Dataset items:

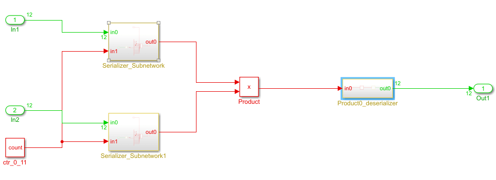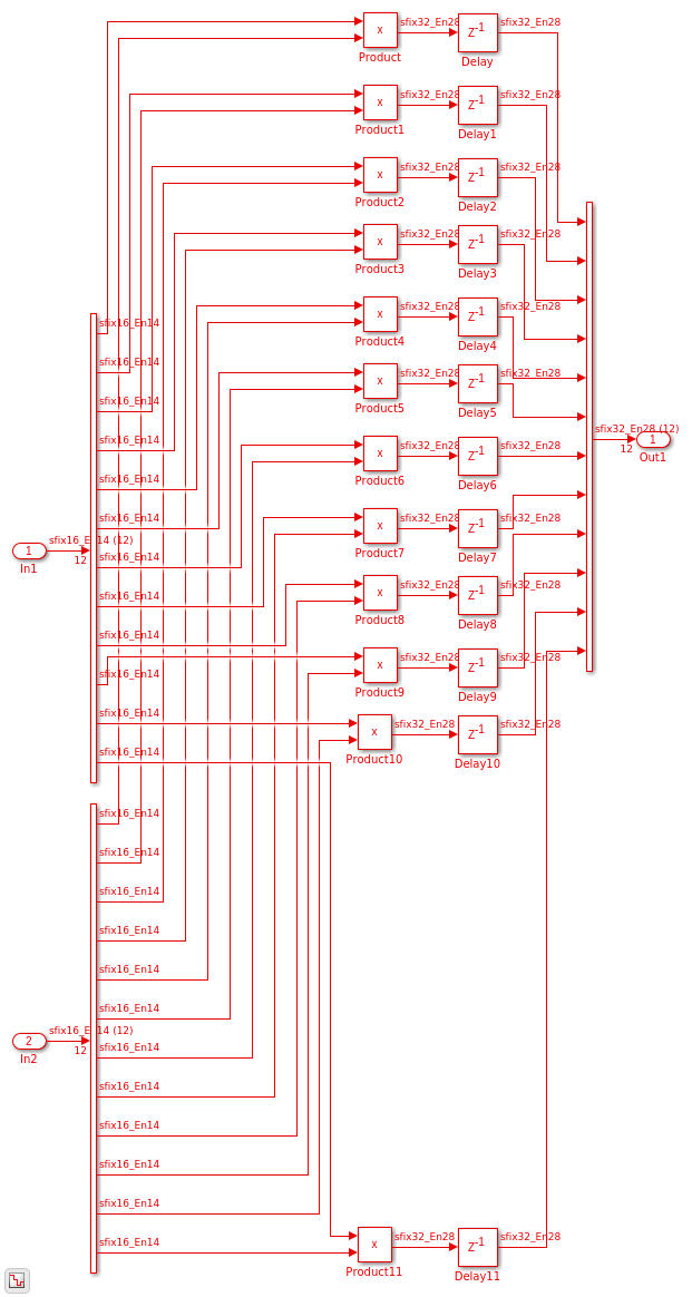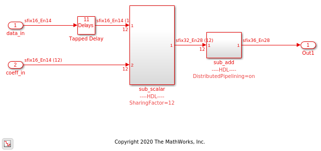 The sub_scalar подсистема состоит из 12 Блоки продукта, которые имеют модуль задержку рядом с ними. Для совместного использования этих блоков Продукта, SharingFactor of 12 задается на sub_scalar подсистема.
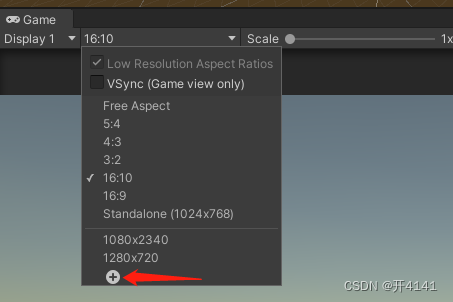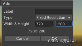 如图,选择一下Unity的窗口尺寸,点击+号,然后新增一个720*1280的(与我们的UI尺寸一致),并选中
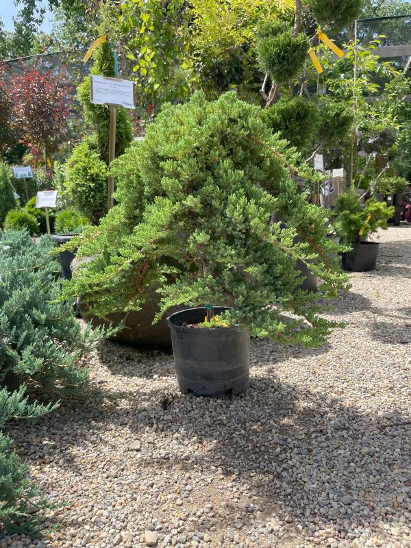 This Japanese Garden Juniper is a cute, tough bluish juniper with fine texture on a 24" standard. Best in full sun. With the standard, it grows 3' tall and can get 6' wide. Hardy to Zone 4.
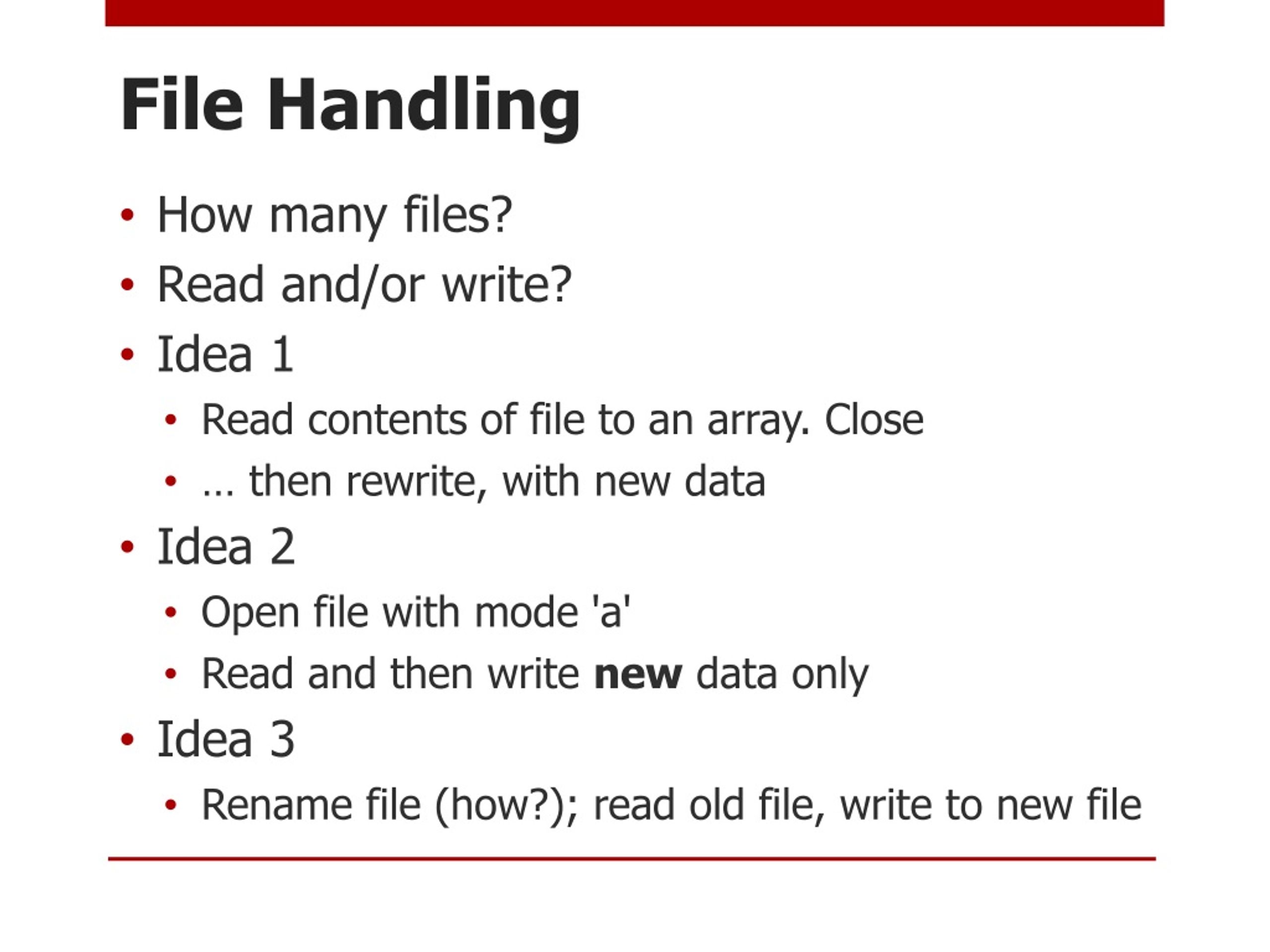 File Handling • How many files? • Read and/or write? • Idea 1 • Read contents of file to an array. Close • … then rewrite, with new data • Idea 2 • Open file with mode 'a' • Read and then write new data only • Idea 3 • Rename file (how?); read old file, write to new file
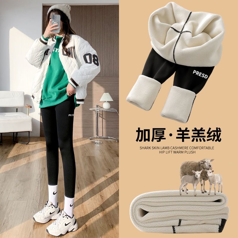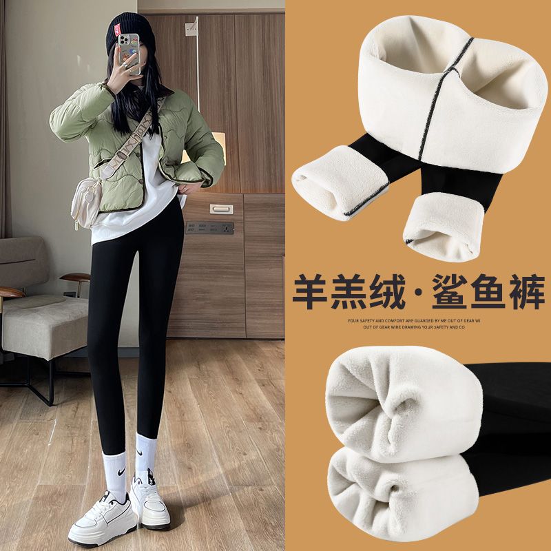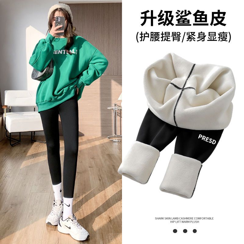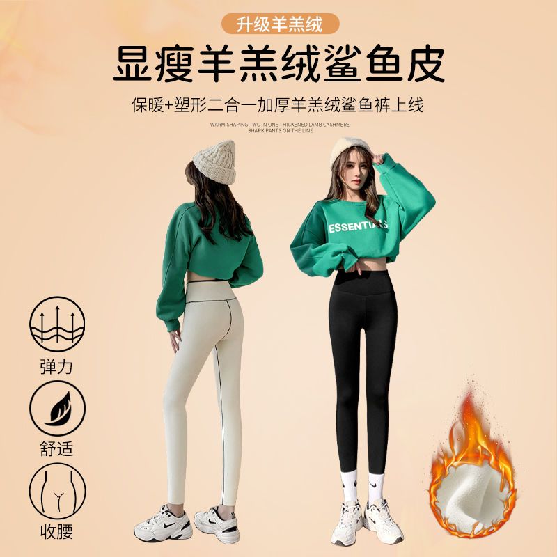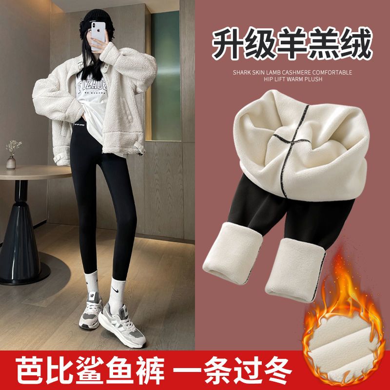 羊羔绒鲨鱼裤外穿秋冬季加厚加绒高腰打底裤女弹力显瘦瑜伽芭比裤
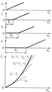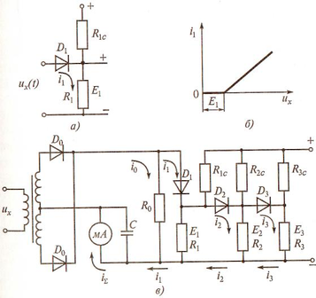 В схеме, представленной на рис. 3.7, в, первоначально диоды D1, D2, D3 закрыты соответствующими напряжениями смещения Е1, Е2, Е3, и при малом входном напряжении ux(t) ток через миллиамперметр равен i0. Когда входное напряжение ux(t) > Е1 откроется диод D1 и параллельно резистору R0 подключится делитель напряжения R1, R1c. В результате крутизна вольтамперной характеристики на участке от Е1 до Е2 возрастает; суммарный ток протекающий через миллиамперметр, станет равным i
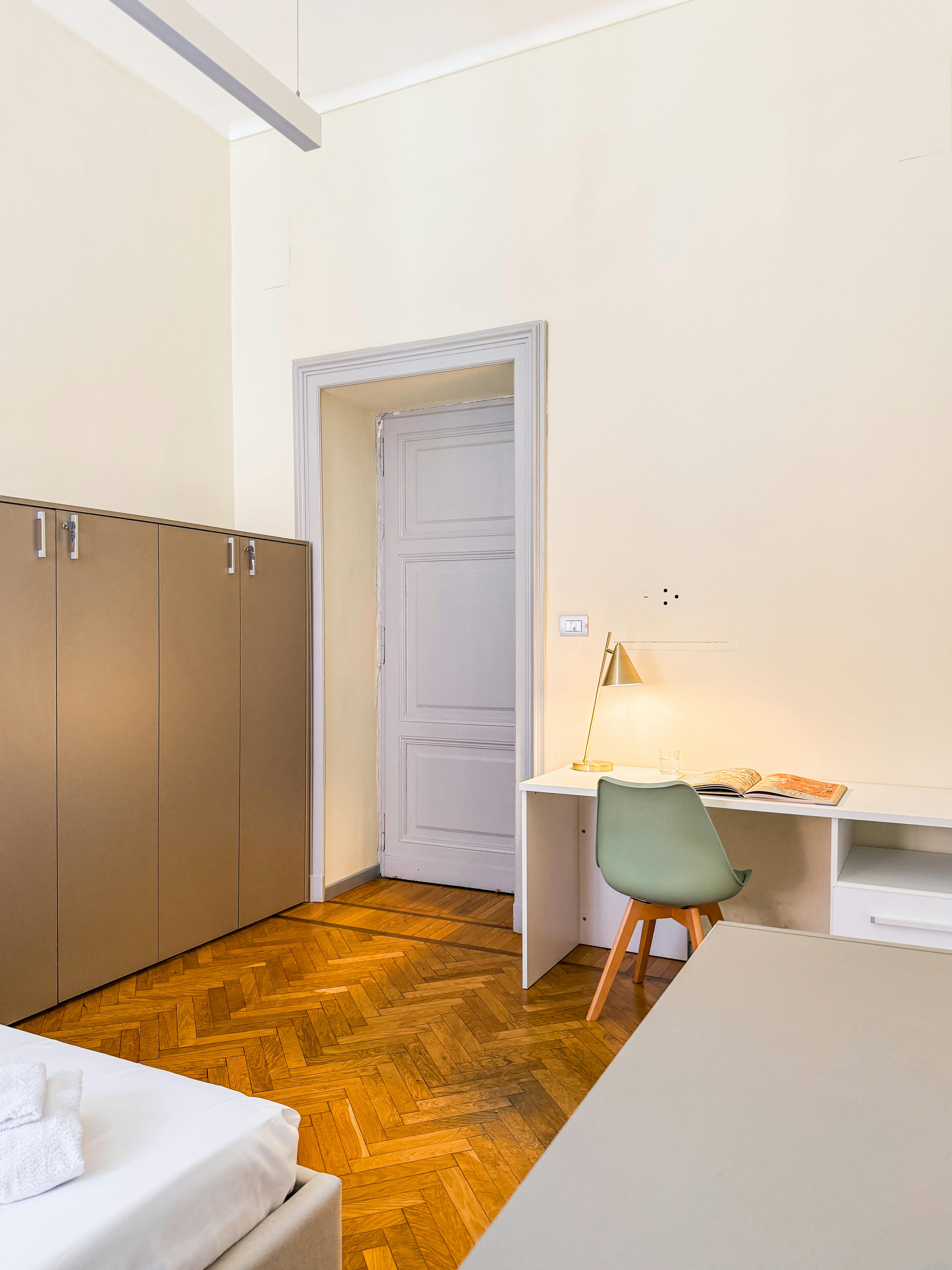 ITA Appartamento ristrutturato situato a 5 minuti a piedi da Piazza Castello, completo di letti, scrivania, sedie, luci e armadio. Cucina in comune attrezzata con pentole, piatti, bicchieri, posate, forno, piano cottura a induzione. Bagno con doccia e lavatrice in comune. Ampia zona giorno per 3-6 persone completa di tavoli e sedie. Riscaldamento centralizzato, servizio di portineria 8.30-12.30 / 14.30-18.30. Bollette e servizio di pulizia settimanale incluso. La zona intorno a Corso Re Umberto a Torino si trova nel cuore pulsante della città, offrendo un accesso privilegiato a tutte le sue attrazioni. Grazie alla sua posizione centrale, è ben collegata a tutti i mezzi di trasporto, facilitando gli spostamenti per gli studenti dell'ESCP e per chiunque voglia godere delle comodità del centro di Torino. ENG Renovated apartment located at 5 min walk to Piazza Castello, complete with beds, desk, chairs, lights and wardrobe. Shared kitchen equipped with pots, plates, glasses, cutlery, oven, induction hob. Bathroom with shared shower and washing machine. Large living area for 3-6 people complete with tables and chairs. Central heating, concierge service 8.30-12.30 / 14.30-18.30. Bills end weekly cleaning service included. Welcome ESCP. The area around Turin's Corso Re Umberto is located in the beating heart of the city, offering prime access to all its attractions. Because of its central location, it is well connected to all means of transportation, making it easy for ESCP students and anyone who wants to enjoy the conveniences of downtown Turin to get around. Important information: Utilities are included in the rent. In case of unusually high consumption, a final adjustment may be applied at the end of the contract and any additional amount will be charged accordingly. Please note that an administration fee equal to 8% of the total rent (calculated on the full duration of the stay) applies. This fee covers contract management, support throughout the stay, and assistance during check-in and check-out, and should be paid prior to move in...
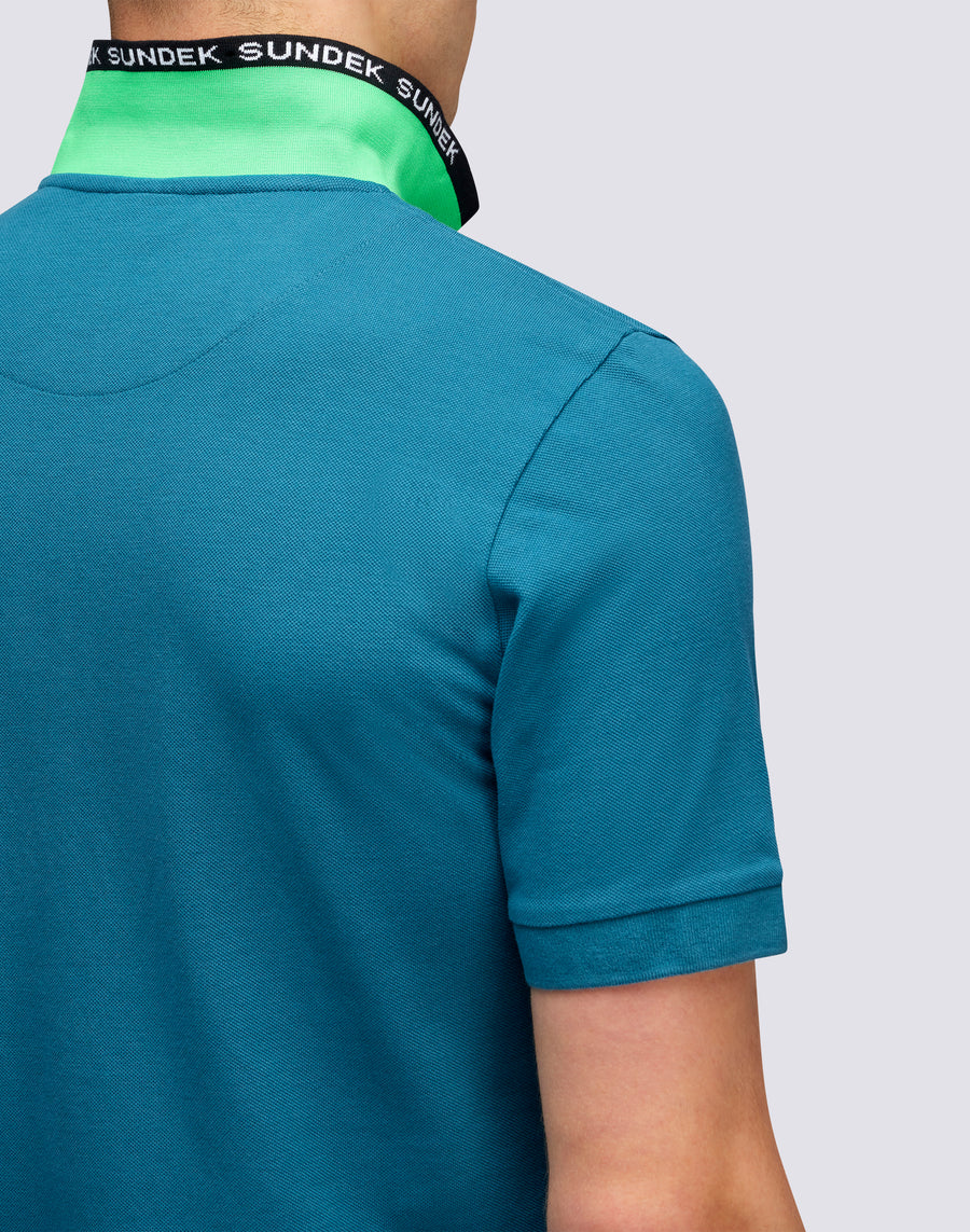 Tessuto confortevole e design originale per questa polo versatile realizzata in morbido cotone piquet. Da indossare anche con il colletto alzato per mostrare il blocco di colore e il logo Sundek. Scegli il comfort per ogni occasione.
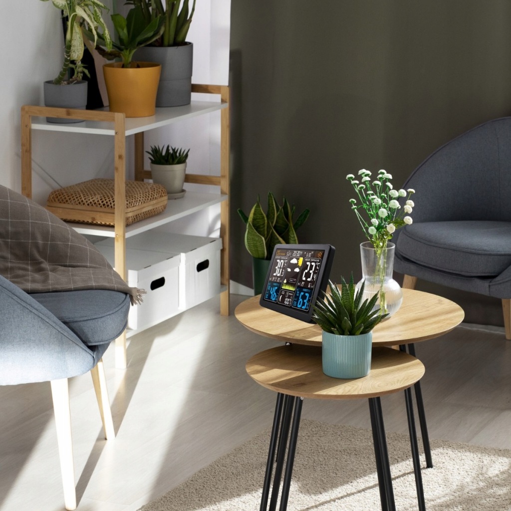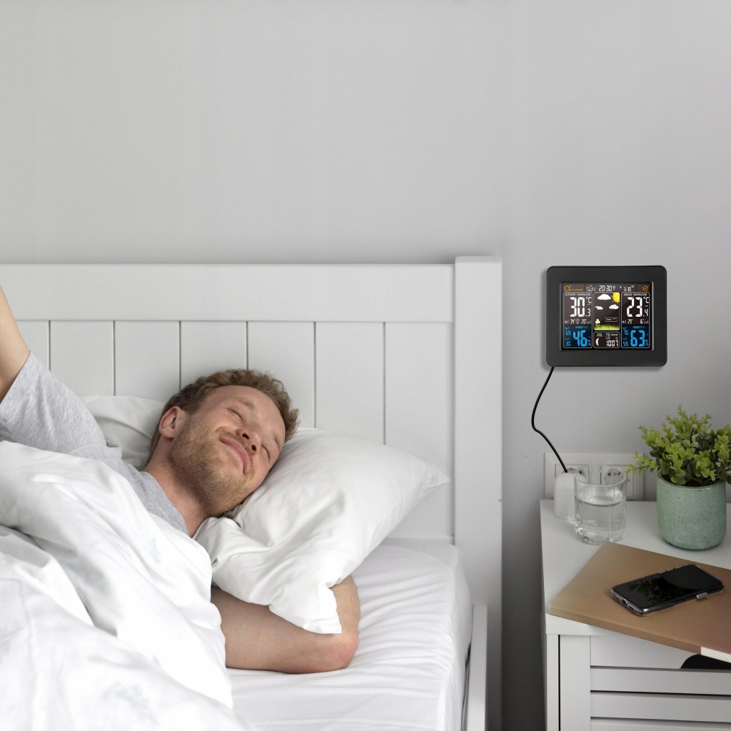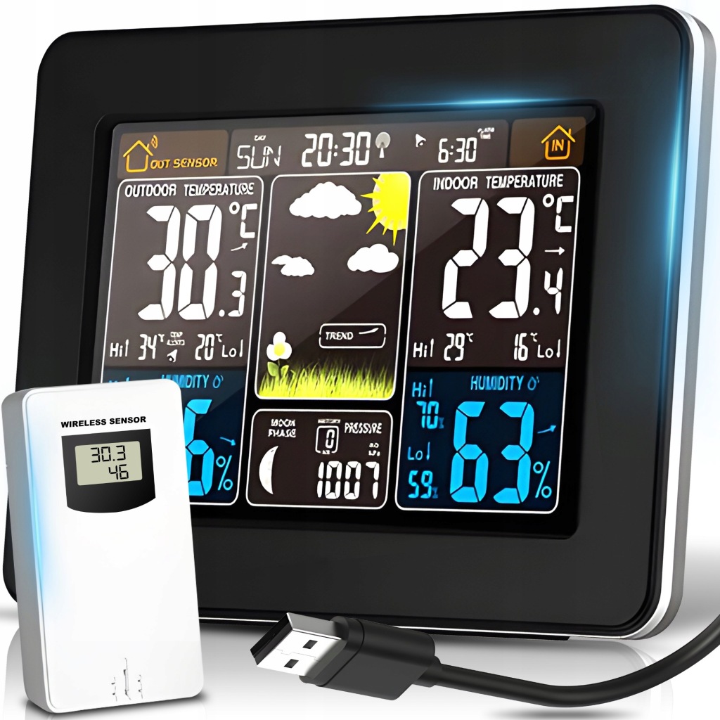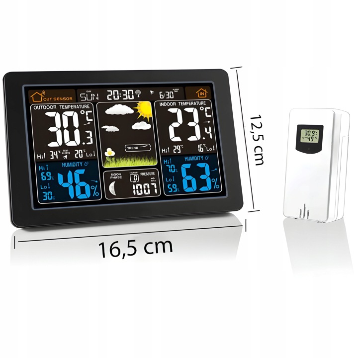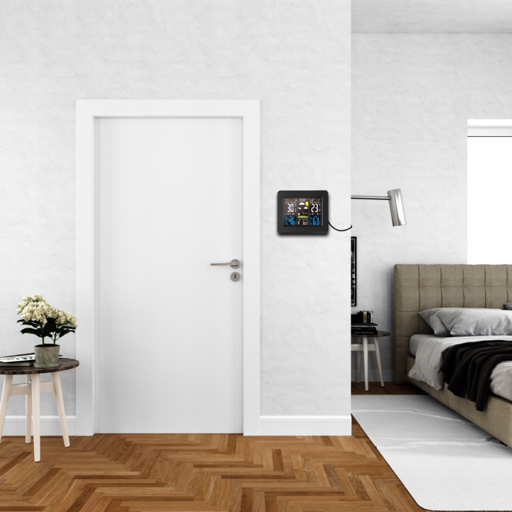 пристрій має дуже сучасний дизайн, тому воно безумовно не буде спотворити приміщення. Станція може бути встановлена безпосередньо на столі або полиці або підвішена на стіні в будь-якій кімнаті. Зовнішній датчик живиться від батарей (2X LR6 AA), а метеостанція-від батарей (2x LR6 AA) або через USB-кабель. Продукт має кольоровий, легко читається РК-дисплей, з якого дуже легко читати всі цікавлять нас значення.

### PROBLEM
Skip the pictures. Restate exactly the lines from the start of the entries through the line containing "羊羔绒鲨鱼裤外穿秋冬季加厚加绒高腰打底裤女弹力显瘦瑜伽芭比裤", both ends included.

### TASK RESPONSE
 The sub_scalar подсистема состоит из 12 Блоки продукта, которые имеют модуль задержку рядом с ними. Для совместного использования этих блоков Продукта, SharingFactor of 12 задается на sub_scalar подсистема.
 如图,选择一下Unity的窗口尺寸,点击+号,然后新增一个720*1280的(与我们的UI尺寸一致),并选中
 This Japanese Garden Juniper is a cute, tough bluish juniper with fine texture on a 24" standard. Best in full sun. With the standard, it grows 3' tall and can get 6' wide. Hardy to Zone 4.
 File Handling • How many files? • Read and/or write? • Idea 1 • Read contents of file to an array. Close • … then rewrite, with new data • Idea 2 • Open file with mode 'a' • Read and then write new data only • Idea 3 • Rename file (how?); read old file, write to new file
 羊羔绒鲨鱼裤外穿秋冬季加厚加绒高腰打底裤女弹力显瘦瑜伽芭比裤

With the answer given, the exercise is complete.